Spark Yarn 提交流程

最新推荐文章于 2024-11-20 19:38:45 发布

stupidTomA

最新推荐文章于 2024-11-20 19:38:45 发布

阅读量304

点赞数

分类专栏： Spark

本文链接：https://blog.csdn.net/stupidTomA/article/details/103349242

版权

Spark 专栏收录该内容

6 篇文章

订阅专栏

spark-submit --class wordcount

--master spark://aml168:7077

--driver-memory 800M

--executor-memory 600M

--jars ../examples/jars/wordcount.jar 指定要执行的jar包或者所在文件夹

../examples/jars/wordcount.jar

1. linux 环境执行SPARK_HOME 下的bin/spark-submit，接着去调用SparkClass脚本

exec "${SPARK_HOME}"/bin/spark-class org.apache.spark.deploy.SparkSubmit "$@"

2.调用spark-class 脚本

spark-class

组建一个Java命令 启动

1.获取Java环境 
RUNNER="${JAVA_HOME}/bin/java"


2.使用这个org.apache.spark.launcher.Main 类来调整传入的参数
build_command() {
  "$RUNNER" -Xmx128m $SPARK_LAUNCHER_OPTS -cp "$LAUNCH_CLASSPATH" org.apache.spark.launcher.Main "$@"
  printf "%d\0" $?
}

3.将从Main类输出的结果当作参数，保存到一个数组CMD 中
set +o posix
CMD=()
DELIM=$'\n'
CMD_START_FLAG="false"
while IFS= read -d "$DELIM" -r ARG; do
  if [ "$CMD_START_FLAG" == "true" ]; then
    CMD+=("$ARG")
  else
    if [ "$ARG" == $'\0' ]; then
      # After NULL character is consumed, change the delimiter and consume command string.
      DELIM=''
      CMD_START_FLAG="true"
    elif [ "$ARG" != "" ]; then
      echo "$ARG"
    fi
  fi
done < <(build_command "$@")

#   (command)< <(command)  这个 < < 是将左边命令的结果当作右边命令的参数

3.执行这个Java  -cp 启动命令，就是调用 org.apache.spark.deploy.SparkSubmit的main方法
exec "${CMD[@]}"

3.进入SparkSubmit的main方法

1.
根据提交类型进入submit
case SparkSubmitAction.SUBMIT => submit(appArgs, uninitLog)

2.点进去是runMain方法
runMain(args, uninitLog)

2.1 runMain中有下面这个

val (childArgs, childClasspath, sparkConf, childMainClass) = prepareSubmitEnvironment(args)

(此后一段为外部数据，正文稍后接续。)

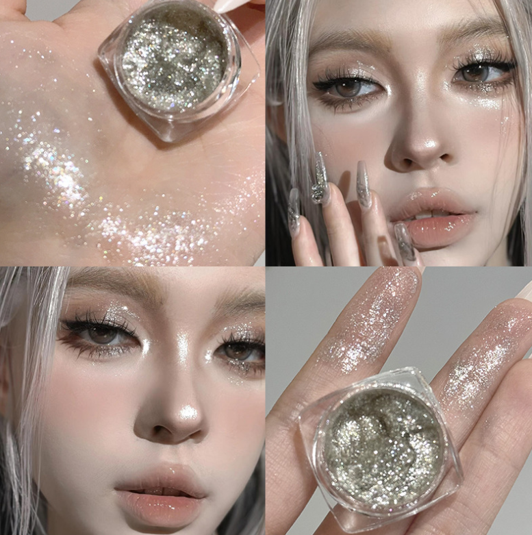 First off, feast your eyes on the colors! 👀 There's a soft, dreamy pink with iridescent sparkles that's like capturing a piece of a cotton - candy sky at sunset. 🌅 Then, a classic silver that shines so bright, it's like you've got little moons 🌙 nestled on your lids. There's also a cool, icy blue that gives off major winter wonderland vibes—think frost - kissed snowflakes ❄️ dancing on your eyes. And let's not forget the lavender shade, which is all kinds of ethereal, like something out of a fairy tale 🧚‍♀️. Plus, there's a multidimensional silver that looks like you've sprinkled stardust ✨ on your eyes, and another silver with a hint of rainbow reflect that's just chef's kiss—it catches the light from every angle and makes your eyes pop like crazy.
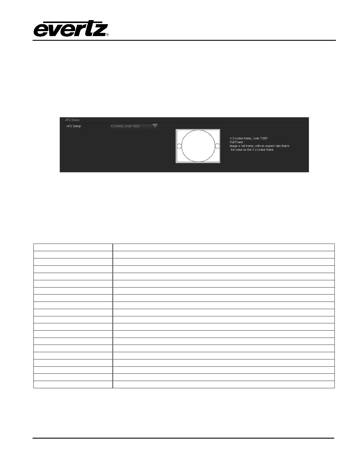 menu to select the appropriate out-bound AFD code. There are 20 SMPTE2016-1 AFD codes to choose

2.2进入prepareSubmitEnvironment 方法
第640行左右  会对childMainClass 进行赋值  
// In yarn-cluster mode, use yarn.Client as a wrapper around the user class
    if (isYarnCluster) {
      childMainClass = YARN_CLUSTER_SUBMIT_CLASS

private[deploy] val YARN_CLUSTER_SUBMIT_CLASS =
    "org.apache.spark.deploy.yarn.YarnClusterApplication"
可以看到是使用org.apache.spark.deploy.yarn.YarnClusterApplication 


2.3接下来调用反射，调用org.apache.spark.deploy.yarn.YarnClusterApplication类的statr方法
 mainClass = Utils.classForName(childMainClass)
val app: SparkApplication = if (classOf[SparkApplication].isAssignableFrom(mainClass)) {
      mainClass.newInstance().asInstanceOf[SparkApplication]
app.start(childArgs.toArray, sparkConf)

4. 查看org.apache.spark.deploy.yarn.YarnClusterApplication类

双击shift 查看这个类的时候发现找不到，需要加一个pom依赖

<dependency>
    <groupId>org.apache.spark</groupId>
    <artifactId>spark-yarn_2.11</artifactId>
    <version>2.1.1</version>
</dependency>

或者是下载spark官网下载源码，加载core文件夹下的目录

  override def main(args: Array[String]): Unit = {
    val submit = new SparkSubmit() {
      self =>

      override protected def parseArguments(args: Array[String]): SparkSubmitArguments = {
        new SparkSubmitArguments(args) {
          override protected def logInfo(msg: => String): Unit = self.logInfo(msg)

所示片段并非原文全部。